Tra mafia e terrorismo, gli incontri del presunto boss della ’ndrangheta legato a Prima Linea con l’ex killer delle Brigate Rosse
La Dda di Torino documenta i contatti tra Francesco D’Onofrio e l’ex br Cristoforo Piancone, protagonista di omicidi negli Anni di Piombo. La storia dell’estremista irriducibile che rapinò il Monte dei Paschi di Siena con uno dei calabresi del clan di Carmagnola
Due incontri documentati dall’inchiesta della Dda di Torino tra Francesco D’Onofrio, considerato il punto di riferimento della ’ndrangheta in Piemonte e Cristoforo Piancone, ex brigatista con un curriculum costellato di omicidi negli Anni di Piombo. Tra le pieghe dell’indagine Factotum condotta dalla guardia di finanza di Torino c’è anche quello che potrebbe apparire come un amarcord estremista: i contatti, però, sono sovrastati dalla nuova dimensione assunta da D’Onofrio, dopo essere stato un militante di estrema sinistra, oggi viene accusato di essere un boss.

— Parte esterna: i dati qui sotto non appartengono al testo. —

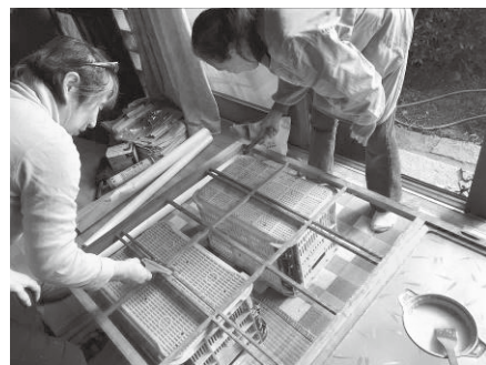
まず、のりを付けて・・・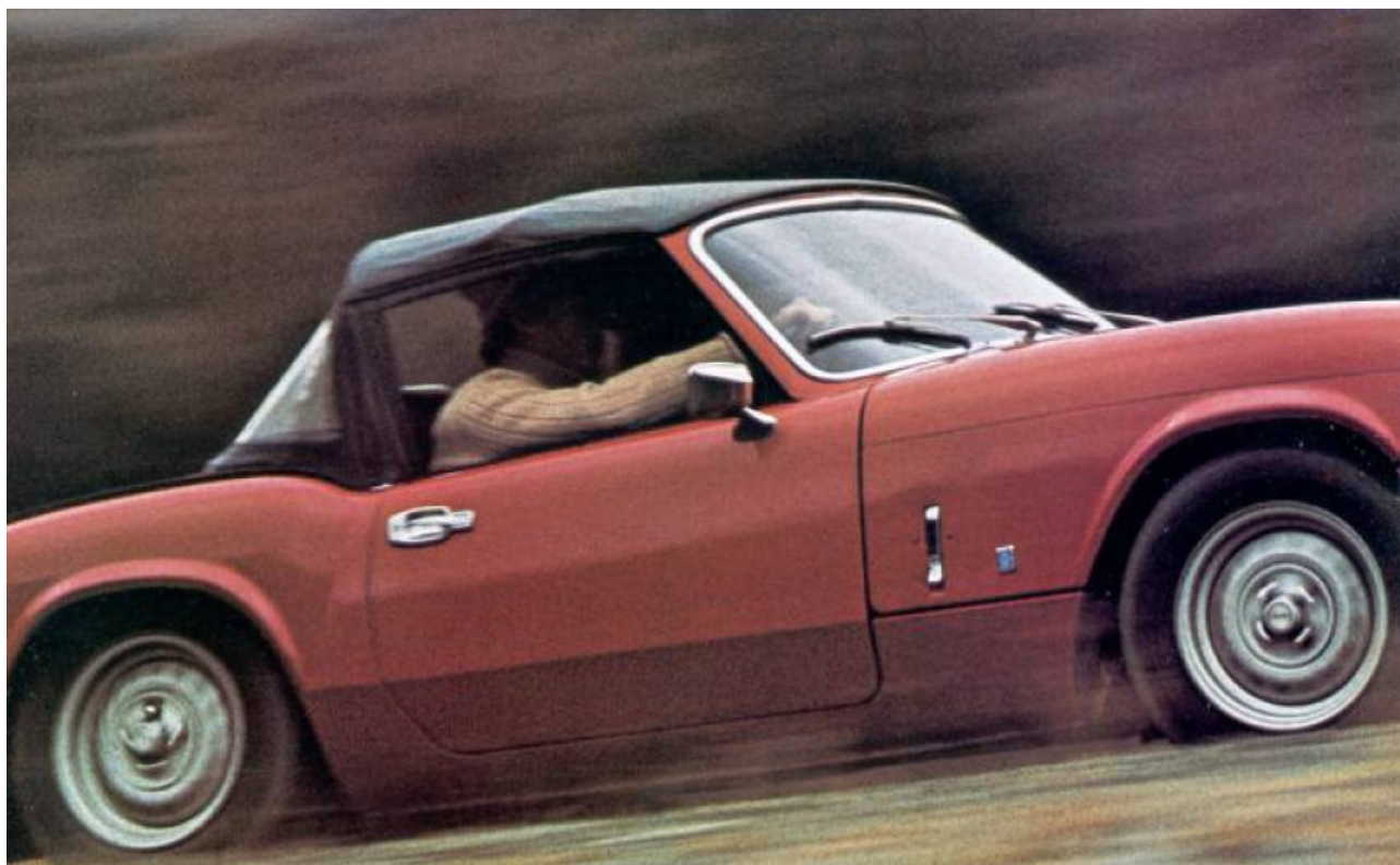
Brochure inglese della Spitfire 1500, 1975.

Dopo un estenuante studio delle brochure originali e di modelli uniproprietario e mai riverniciate, si è riusciti ad ottenere finalmente delle misure accurate per poter posizionare in maniera corretta il badge sulla carrozzeria.

L’aura, almeno stando alle valutazioni dei pm di Torino, è quella del capo. Francesco D’Onofrio, 68 anni, è considerato il punto di riferimento della ’ndrangheta in Piemonte. Gli affari trasferiti da Vibo Valentia (è nato a Mileto) a Carmagnola, ma il rispetto è rimasto intatto anche in Calabria. Lo ha spiegato il pentito Raffaele Moscato in una recente udienza del processo Maestrale: «Il gruppo di Piscopio sfidava anche il diavolo ma quando parlava Franco D’Onofrio stavano zitti e ascoltavano. Per noi aveva la stessa caratura criminale di Luigi Mancuso». Dichiarazioni ai limiti dell’iperbole per chi segue i fatti di mafia, specie se si cuce addosso a un personaggio che per ragioni ideologiche parrebbe lontano da logiche di ’ndrangheta. E infatti dai sospetti legami con la criminalità organizzata D’Onofrio si è difeso anche rivendicando un’incompatibilità di pensiero. Molti anni fa il presunto boss ha militato in Prima Linea e poi ha gravitato nell’orbita dei Colp, i Comunisti organizzati per la lotta proletaria. Dall’estremismo di sinistra alla ’ndrangheta: una metamorfosi che rende D’Onofrio un’anomalia da indagare.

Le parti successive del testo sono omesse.